Prompting Is Dead
For three years, the AI interface was a box—the familiar prompt box. You typed, you waited, you read. The prompt box was the grand gesture of the LLMs era and, at the same time, the most awkward one. It asked you to articulate what you want before you even understand what it can give you.
At this year’s I/O, Google did something that looks like a coordinated attempt to bury it. Twelve features point in the same direction: an interface that watches you, predicts, and acts before you manage to type the first word.
Magic Pointer: the cursor learns to think
The most eloquent announcement was a cursor. Magic Pointer turns the mouse into a context-aware collaborator: you point to “this” or “that” on the screen, and Gemini understands what you mean without needing a full prompt. Pointing becomes language.
Google is starting with Chrome, but the logic is bigger. If AI sees what you see, typing becomes an unnecessary step between intent and execution.
Gemini Spark: the AI that works while you sleep
Gemini Spark doesn’t wait for instructions. It runs 24/7 on Google Cloud virtual machines, keeps browser sessions alive, touches connected apps and location data, completes multi-step tasks without asking again. In other words: an AI that keeps working when the laptop closes, the battery dies, or you simply disconnect.
The “assistant” paradigm ends here. This isn’t a helper. It’s a digital worker with its own shift.
For now, it’s available to trusted testers and is expected to roll out to Google AI Ultra subscribers in the US.
Search: from answers to actions
The biggest change—and the least noisy one—happened where Google was built: Search. AI Mode, with Gemini 3.5 Flash as the default, no longer returns links. You can upload files and media, continue from AI Overview into an agentic conversation, and assign Search agents to monitor the web, make bookings, and even build custom tools.
Google isn’t upgrading the search engine. It’s replacing it with something that executes. The search box—that other great empty box of our era—enters the same process of devaluation as the prompt.
Googlebook: the laptop reboots around Gemini
If the prompt is dying, the operating system itself has to be rewritten. Google introduced the Googlebook, a new category of AI-native laptop that unifies Android and ChromeOS into an operating system with Gemini as the central layer. Custom AI-built widgets, Magic Pointer built in, hardware partners ready for a fall launch.
It’s not a laptop with AI features. It’s an attempt to redefine what “personal computer” means when the interface is no longer mouse and keyboard, but intent and context.
Intelligent Eyewear: the screen leaves our hands
And around then, Google put Gemini into glasses. Intelligent Eyewear, in partnership with Warby Parker and Gentle Monster, ships in the fall as voice-first frames, with the display-equipped Project Aura to follow. The choice of partners is a statement in itself: not a geek prototype like Google Glass 2014, but glasses people would wear anyway.
Meta has already opened the field with Ray-Ban and more recently Oakley HSTN and has proven the market can support AI glasses if they’re signed by a brand people already trust. Google is entering the same game with the exact same logic.

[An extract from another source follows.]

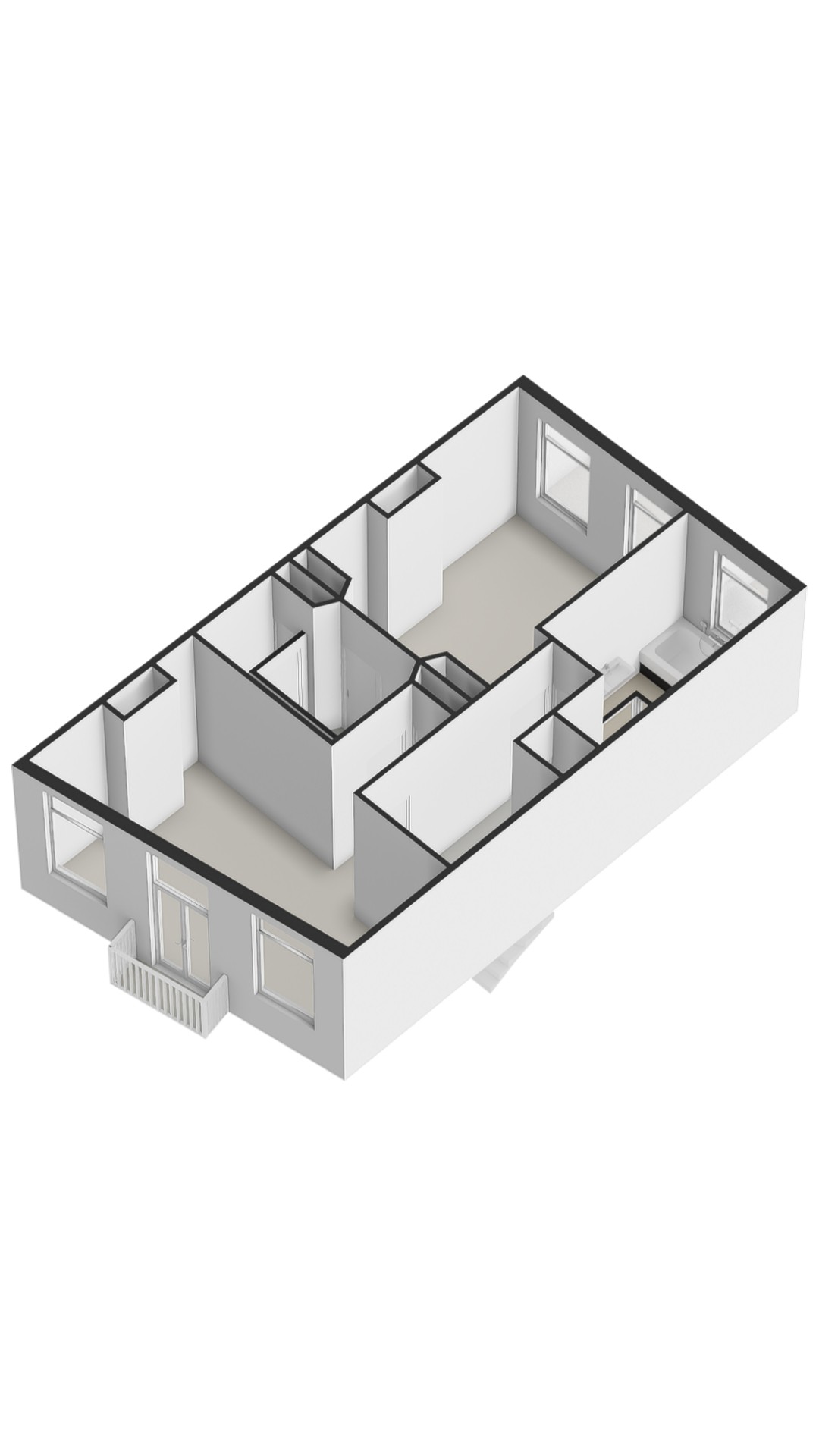 - Five bedrooms and two bathrooms;

The pattern behind the launches
If we look at all the announcements together, they share the same mechanical logic: less dictation from the user, more context from the system. In the current model, you had to explain what you want. In the model Google is building, the system knows what you’re looking at, where you are, which app you opened two minutes ago, and what’s on your calendar in an hour.
The prompt was the tax we paid because AI didn’t have enough context. Google is betting it can eliminate that tax.

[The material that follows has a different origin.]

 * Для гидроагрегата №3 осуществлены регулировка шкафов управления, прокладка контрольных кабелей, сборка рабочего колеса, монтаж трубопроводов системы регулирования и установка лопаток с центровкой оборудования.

And here is the real strategic story. Whoever controls the context layer controls the next interface. OpenAI has models. Anthropic has the enterprise. Google has something no one else has: your browser, your email, your calendar, your phone’s software, your search history, your geographic location, your documents in Drive.
It doesn’t need a better model to win. It only needs to turn all that context into an active layer.
The word that wasn’t said: surveillance
Of course, there’s also the word Google carefully avoided in the keynote: surveillance. A cursor that “understands” what you’re pointing at means someone is recording what you point at. A Spark that runs 24/7 in the cloud means actions of yours are being carried out by infrastructure you don’t control.
Glasses that see what you see mean a camera in other people’s faces. Gallup recently showed that 70% of Americans don’t want data centers in their neighborhood. That same suspicion will reach the interface as soon as people realize context-aware is a polite term for always on.
From explicit command to implicit consent
The prompt box had something humble about it: it forced you to choose what you would ask. Pointing, staring, ambient computing don’t offer the same luxury. Consent becomes implicit, baked into use.
At some point—probably soon—we’ll learn whether we prefer typing into an empty box or letting a system fill things in for us. Google is betting on the latter.